Filipino Catholic bishop (born 1973)

Moises Magpantay Cuevas (born November 25, 1973) is a Filipino prelate of the Catholic Church. He is currently bishop of the Diocese of Calapan in Oriental Mindoro, Philippines. Before assuming this role, he was the auxiliary bishop of the Archdiocese of Zamboanga and later its apostolic administrator.

== Early life and education ==
Cuevas was born in Cuenca, Batangas, Philippines. He pursued his priestly formation at the Pastor Bonus Seminary in Zamboanga City. His theological studies continued at the Regional Major Seminary of Mindanao in Davao City.

== Priesthood ==
Cuevas was ordained a priest in the Archdiocese of Zamboanga on December 6, 2000. In the years that followed, he took on various responsibilities, including serving as vicar at the Metropolitan Cathedral of the Immaculate Conception in Zamboanga from 2001 to 2003. He later became the rector of the Archdiocesan Shrine of Our Lady of the Pillar and was entrusted with the role of chancellor of the archdiocese from 2003 to 2009. From 2005 to 2007, he was appointed administrator of the archdiocesan pastoral center. He served as parish priest of Santa Maria Parish from 2009 to 2015. Since 2017, he has been director of the commission on the clergy for the archdiocese.

== Episcopacy ==
On March 19, 2020, Pope Francis appointed Cuevas as auxiliary bishop of Zamboanga and Titular Bishop of Maraguia. He was consecrated on August 24, 2020, with Archbishop Romulo Tolentino de la Cruz as principal consecrator and bishops Martin Jumoad and Julius Tonel as co-consecrators.

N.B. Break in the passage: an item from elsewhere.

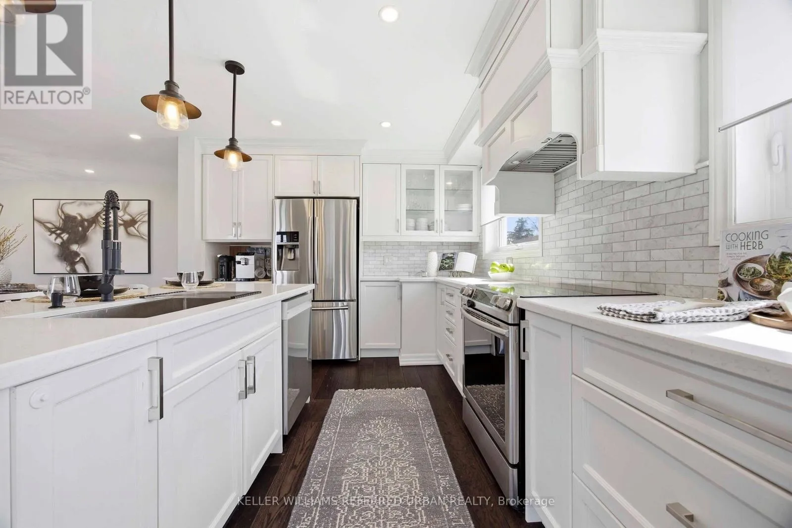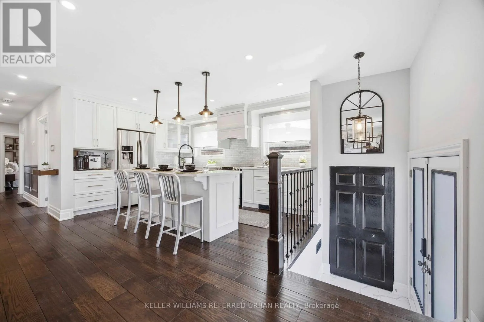 Featuring immense pride of ownership, the home boasts a high-end 2018 renovation including a gourmet chef's kitchen with a massive social island, premium stainless steel appliances, and extensive cabinetry. The bright, open-concept main floor is finished with engineered hardwood, pot lights, and a designer fireplace mantle (2024).Versatile Living & Income Potential: The fully finished lower level features a true separate side entrance, a second full kitchen with a gas stove and new 2024 fridge, a large bedroom, and a spacious recreation room with new 2022 carpeting-ideal for an in-law suite or rental potential.Top-Tier Upgrades & Exterior Oasis: Enjoy a private, deep lot (142 ft) professionally landscaped with interlock stone (2020), a cedar perimeter fence (2021), and a smart in-ground sprinkler system front & back (2018/19). Smartphone-controlled garage motor.Location Highlights: Perfectly situated just steps from Grandravine Park, TTC/Subway stations, and York University, with lightning-fast access to Highways 401 and 400. (id:27476)

In August 2021, he was appointed apostolic administrator sede plena of the Archdiocese of Zamboanga, while Archbishop Romulo de la Cruz was recovering from a stroke. He managed the affairs of the archdiocese until the appointment of a new archbishop.

On June 29, 2023, Pope Francis appointed him apostolic vicar of Calapan, succeeding Warlito Cajandig. Cuevas was installed on September 6, 2023, at the Santo Niño Cathedral in Calapan City.

At the time of his appointment, Cuevas was one of the youngest bishops in the Philippines.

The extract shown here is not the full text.